Wir wissen, es gibt in anderen Ländern die Verbindlichkeit von Sprachförderung und die Verbindlichkeit der Teilnahme an dem Test. Ich will die Eltern, die nicht freiwillig auf diese Idee kommen, ihren Kindern die Voraussetzung für eine gute Bildung zu schaffen, nicht nur anleiten und Angebote machen. Sie haben verdammt noch einmal die Pflicht, ihre Kinder in die Sprachförderung zu geben, und wenn sie dieser Pflicht nicht nachkommen, dann will ich es sanktionieren. Das sage ich Ihnen als Position der CDU-Fraktion.

(Beifall bei der CDU)

Wir haben das Gesprächsangebot der Senatorin angenommen, wobei ich gleich sagen will, Frau Senatorin Jürgens-Pieper, und das ist ja auch der Anlass für die öffentliche Debatte gewesen, mich ärgert, dass Sie für jede Ländervergleichsstudie, in der Bremen schlecht abschneidet, immer sofort eine Entschuldigung haben. Ich will keine Entschuldigungen mehr hören, ich will von Ihnen wissen, wie Sie sich vorstellen, dass es besser wird, dass unsere Kinder eine ihren Begabungen entsprechende Chance in unserem Bildungssystem bekommen und nicht dauernd in Ländervergleichsstudien hinten herunterfallen.

(Beifall bei der CDU)

Das ist meine Auffassung. Das ist im Übrigen Ihre Aufgabe seit dreieinhalb Jahren, dazu sind Sie zur Rechenschaft verpflichtet.
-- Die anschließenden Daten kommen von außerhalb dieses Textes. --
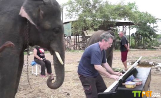 人类已经无法阻止多才多艺的动物们了,这不泰国的大象竟然懂音乐,还可以和钢琴家一起演奏。在泰国,有一只名为彼得的大象。它的乐感极佳,能与钢琴家合奏“蓝调”。最有趣的的是,演奏的时候它还会一边点头,一边扇耳朵,看上去就像是在打节拍。

Ich erwarte von Ihnen,

dass Sie mir konkrete Vorschläge machen, wie sich der Unterricht verbessern soll, und dass Sie sich nicht nur auf das beschränken, was bisher gemacht worden ist und was Sie an Entschuldigungen heranziehen, sondern dass Sie die Verantwortung für die Kinder in diesem Land übernehmen und uns sagen, wie es besser werden soll. Ich habe keine Lust, von Studie zu Studie immer neue Ausreden zu hören, ich will Auswege hören. Das ist die Auffassung der CDUBürgerschaftsfraktion!

(Beifall bei der CDU)

Als nächster Redner hat das Wort der Abgeordnete Güngör.